Restate word for word the section of the entries that opens at the line containing "Publié le 23" and closes at the line containing "然后迅速將蒸熟的糯米倒入杵臼", both lines kept, pictures dropped.

Information provided:
= = = =
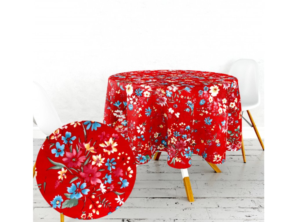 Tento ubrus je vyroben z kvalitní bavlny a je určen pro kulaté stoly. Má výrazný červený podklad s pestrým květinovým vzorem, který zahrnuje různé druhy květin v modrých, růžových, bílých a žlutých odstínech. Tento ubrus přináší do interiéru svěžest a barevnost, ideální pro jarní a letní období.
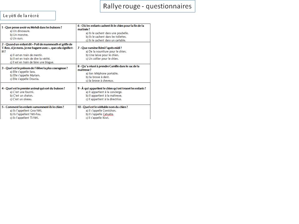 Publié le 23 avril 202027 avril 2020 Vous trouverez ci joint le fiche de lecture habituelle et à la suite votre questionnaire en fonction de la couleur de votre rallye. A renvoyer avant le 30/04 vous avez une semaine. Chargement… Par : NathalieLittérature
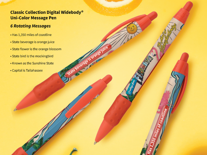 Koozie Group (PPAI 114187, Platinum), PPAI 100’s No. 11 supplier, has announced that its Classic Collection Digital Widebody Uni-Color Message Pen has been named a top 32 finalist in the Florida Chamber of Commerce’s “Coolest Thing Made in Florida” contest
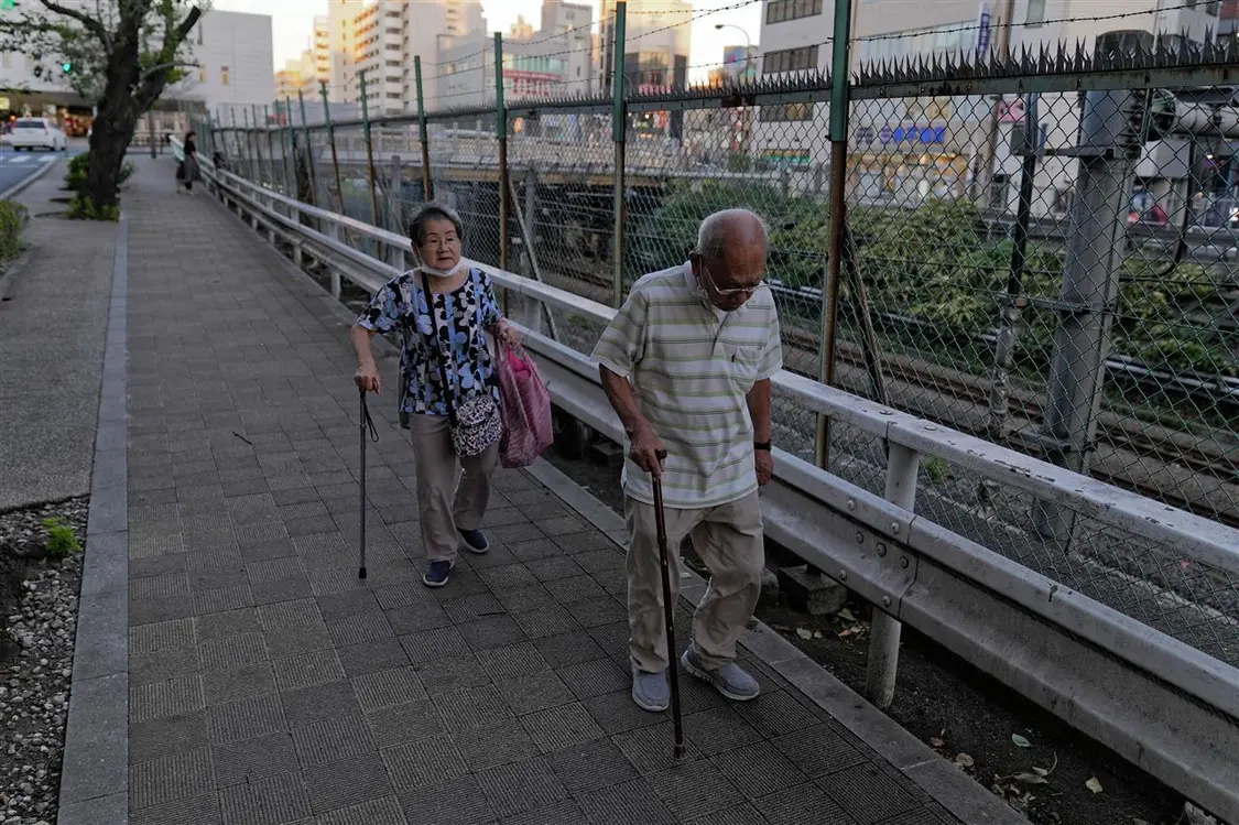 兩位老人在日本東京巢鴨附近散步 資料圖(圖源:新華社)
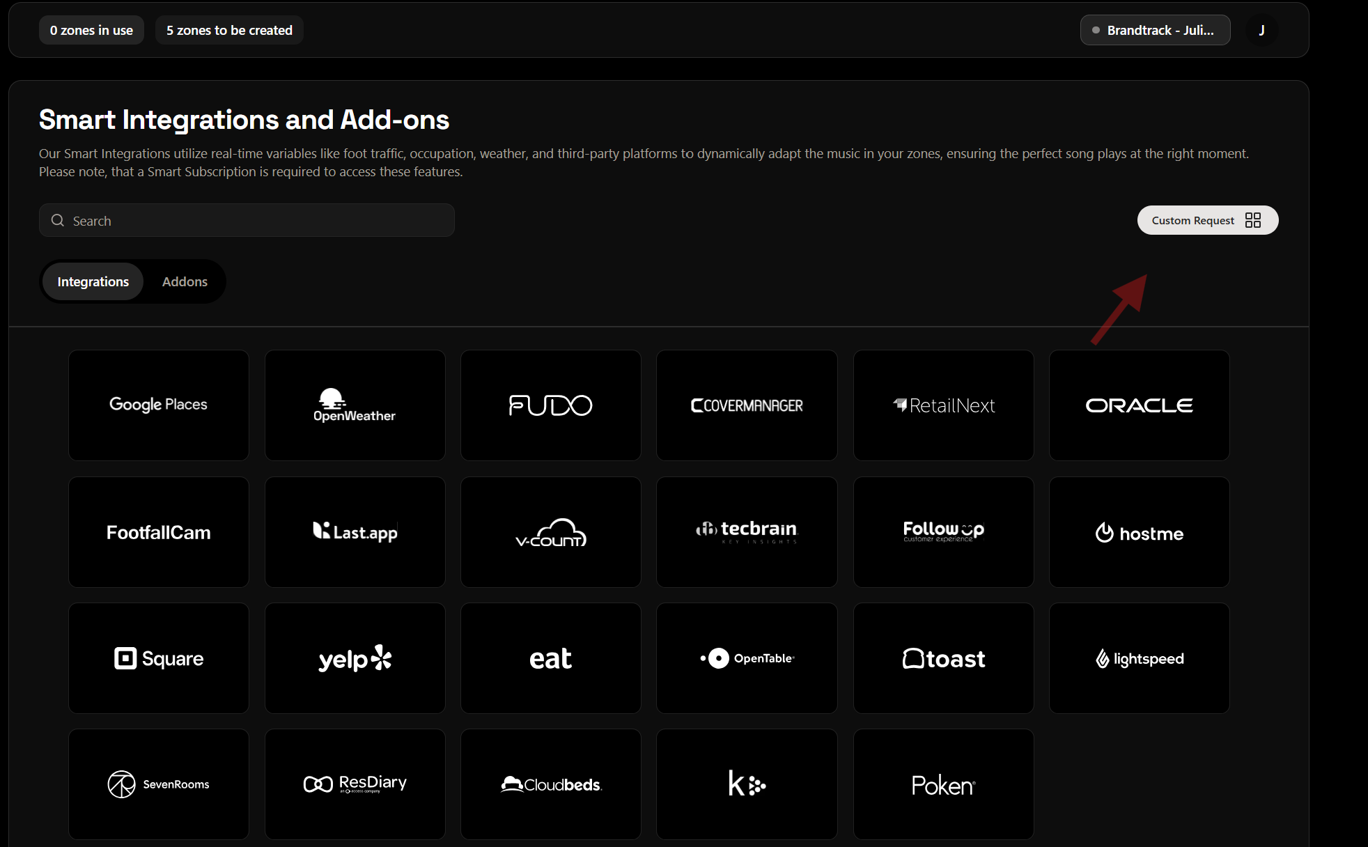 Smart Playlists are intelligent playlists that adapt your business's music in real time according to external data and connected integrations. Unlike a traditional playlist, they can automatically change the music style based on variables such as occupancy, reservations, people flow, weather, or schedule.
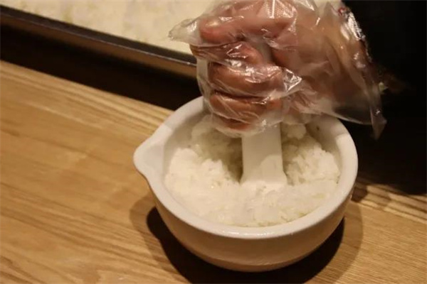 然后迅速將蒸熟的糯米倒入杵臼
= = = =
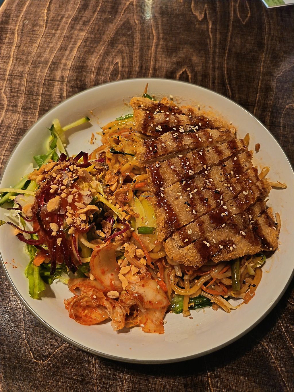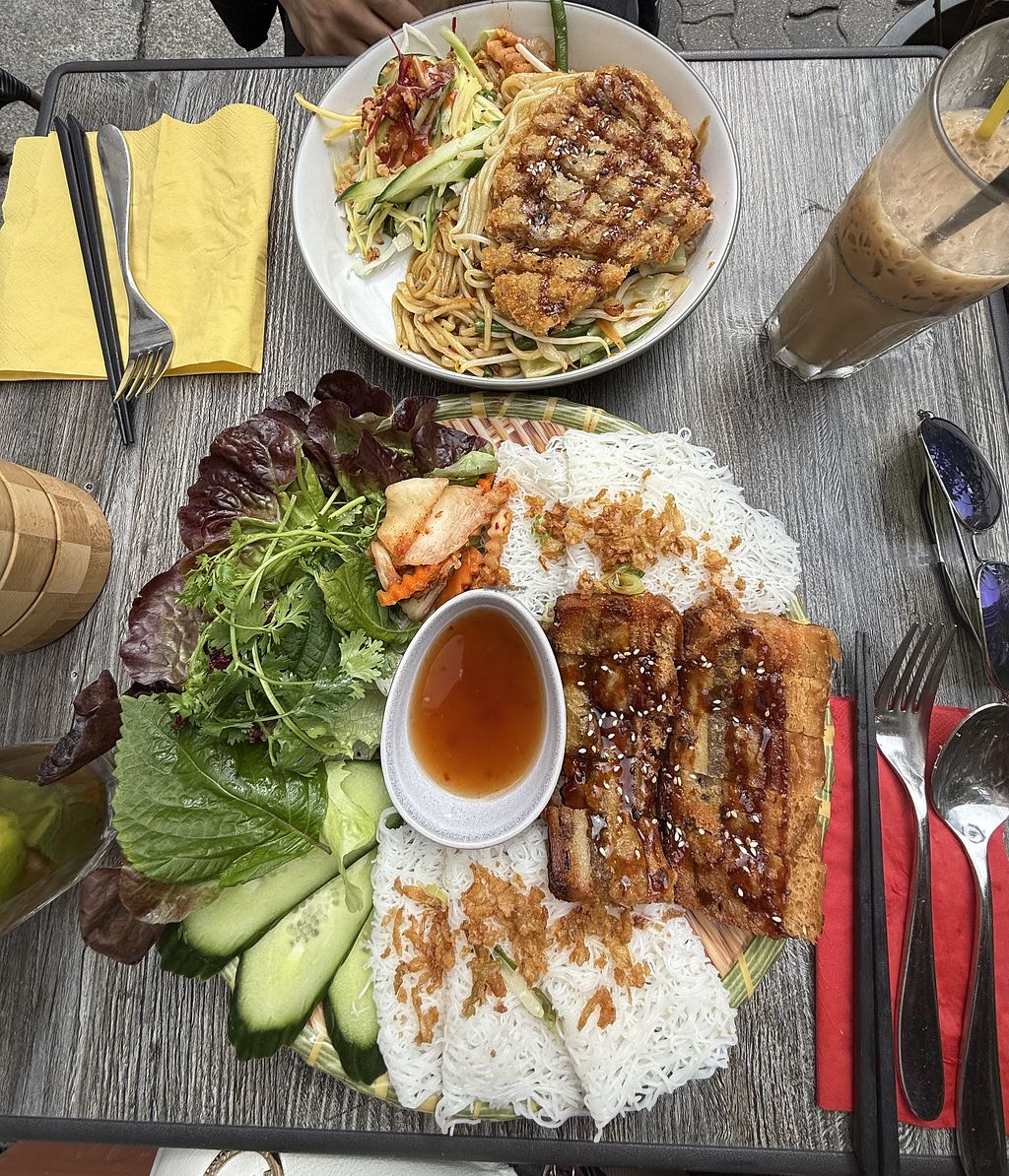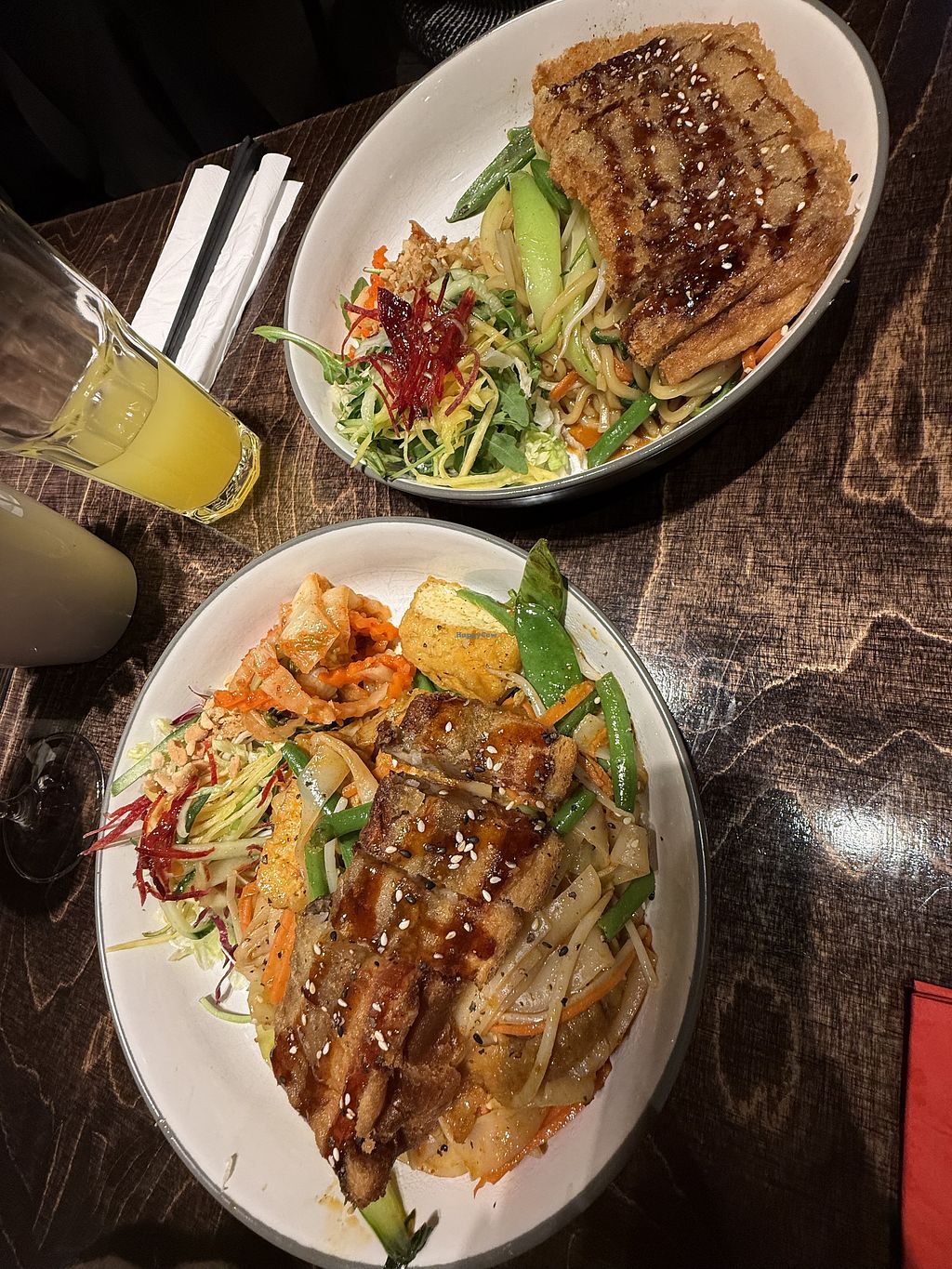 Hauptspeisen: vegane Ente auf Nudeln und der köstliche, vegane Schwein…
= = = =
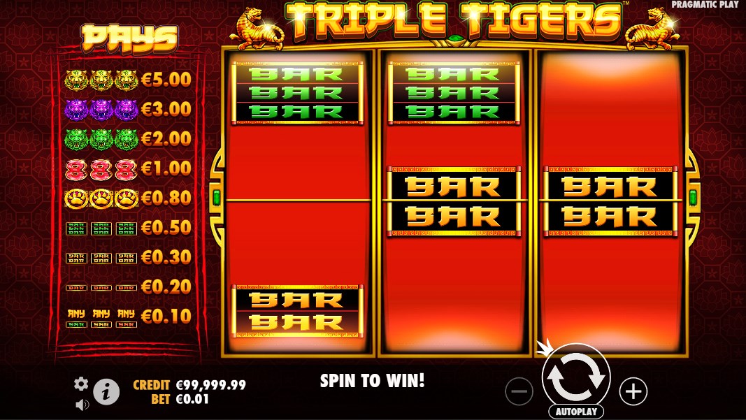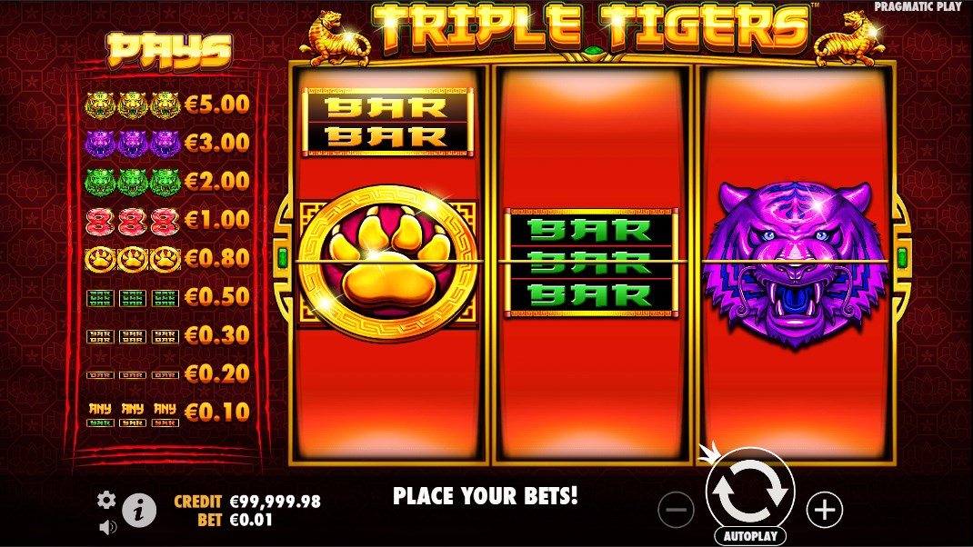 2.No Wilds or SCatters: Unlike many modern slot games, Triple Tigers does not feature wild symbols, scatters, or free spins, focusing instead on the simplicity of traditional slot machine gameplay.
= = = =
Exercise output:
 Publié le 23 avril 202027 avril 2020 Vous trouverez ci joint le fiche de lecture habituelle et à la suite votre questionnaire en fonction de la couleur de votre rallye. A renvoyer avant le 30/04 vous avez une semaine. Chargement… Par : NathalieLittérature
 Koozie Group (PPAI 114187, Platinum), PPAI 100’s No. 11 supplier, has announced that its Classic Collection Digital Widebody Uni-Color Message Pen has been named a top 32 finalist in the Florida Chamber of Commerce’s “Coolest Thing Made in Florida” contest
 兩位老人在日本東京巢鴨附近散步 資料圖(圖源:新華社)
 Smart Playlists are intelligent playlists that adapt your business's music in real time according to external data and connected integrations. Unlike a traditional playlist, they can automatically change the music style based on variables such as occupancy, reservations, people flow, weather, or schedule.
 然后迅速將蒸熟的糯米倒入杵臼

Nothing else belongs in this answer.